WORK REQUIRED: Reproduce every line of the material below, but drop the pictures.

INPUT DATA:
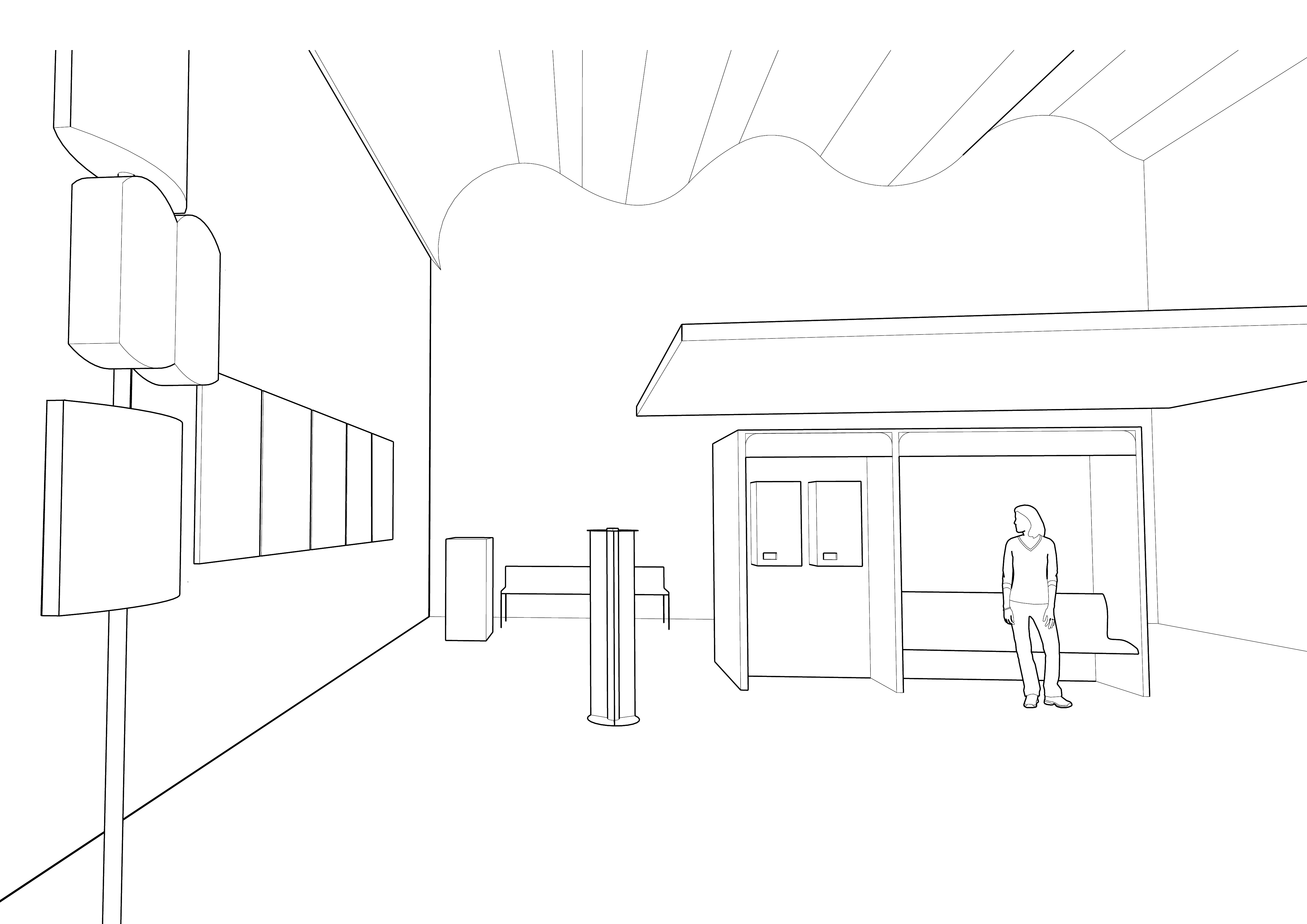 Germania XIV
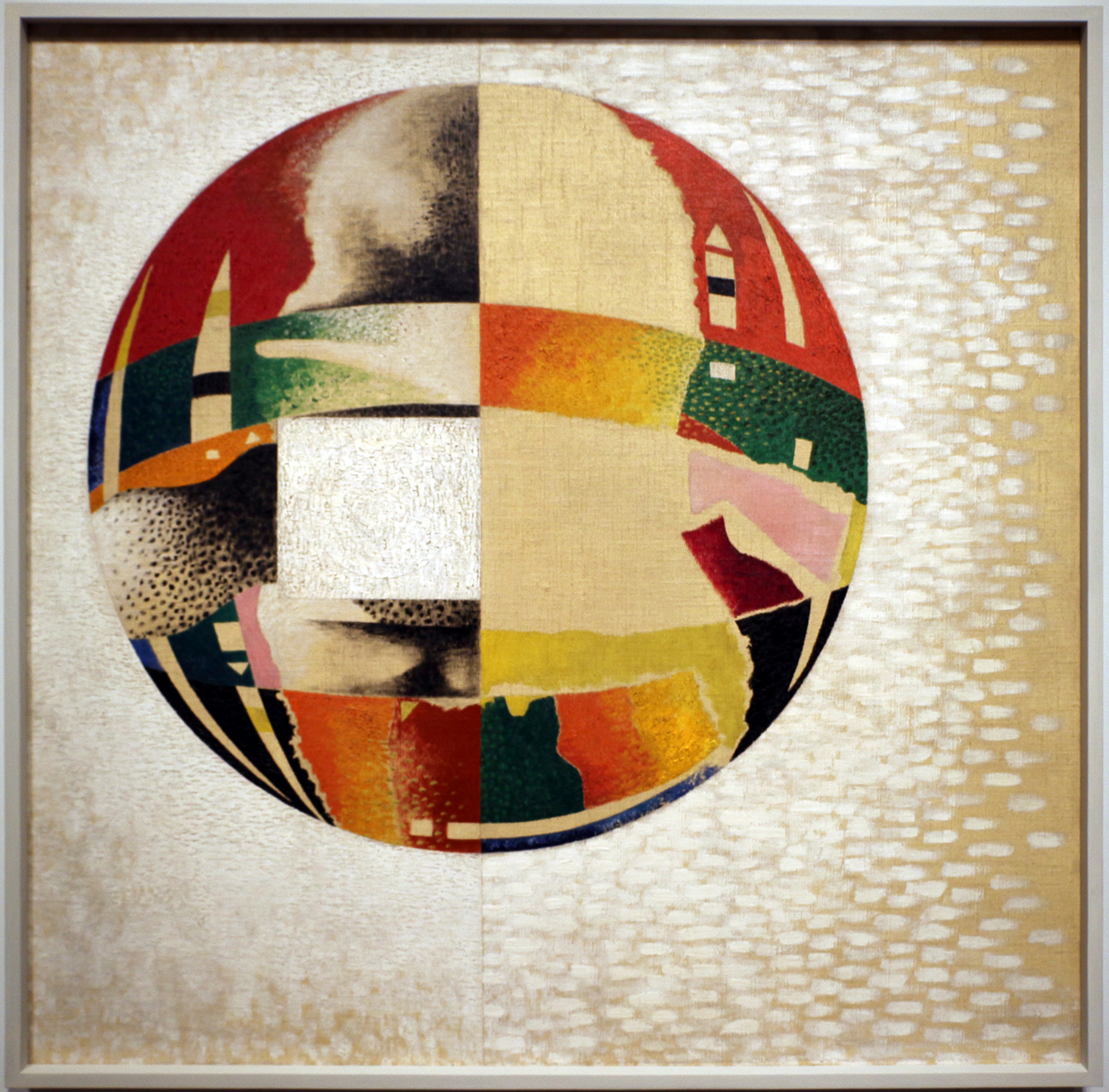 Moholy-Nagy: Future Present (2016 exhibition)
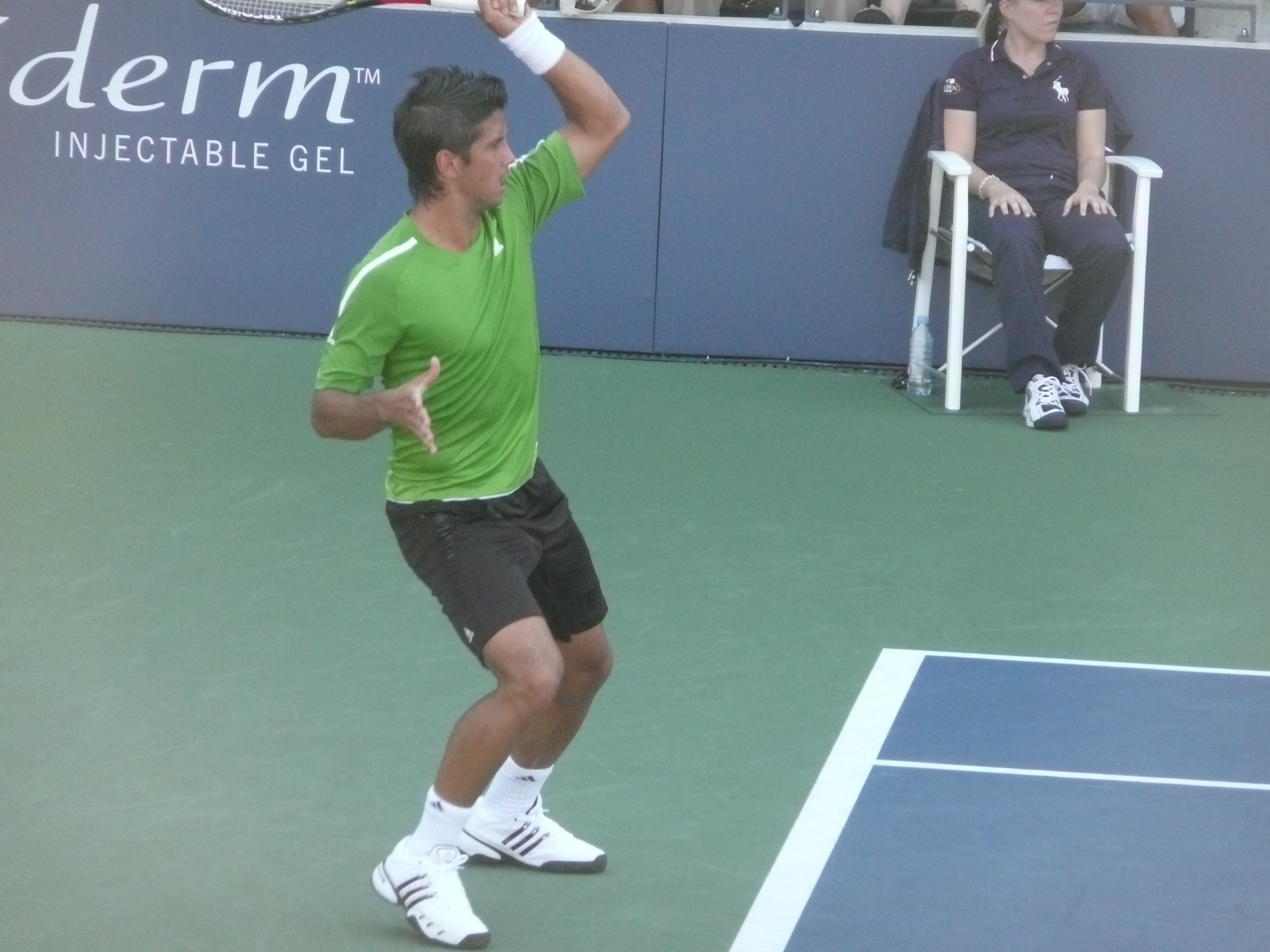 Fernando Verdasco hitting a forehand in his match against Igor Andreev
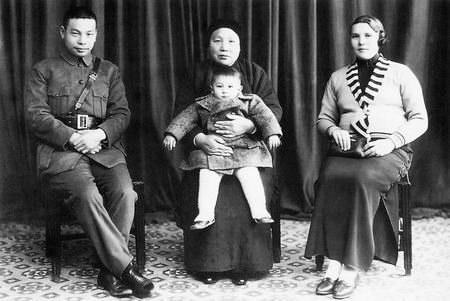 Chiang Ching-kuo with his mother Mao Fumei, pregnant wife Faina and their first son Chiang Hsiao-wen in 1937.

RESULT OF THE TASK:
 Germania XIV
 Moholy-Nagy: Future Present (2016 exhibition)
 Fernando Verdasco hitting a forehand in his match against Igor Andreev
 Chiang Ching-kuo with his mother Mao Fumei, pregnant wife Faina and their first son Chiang Hsiao-wen in 1937.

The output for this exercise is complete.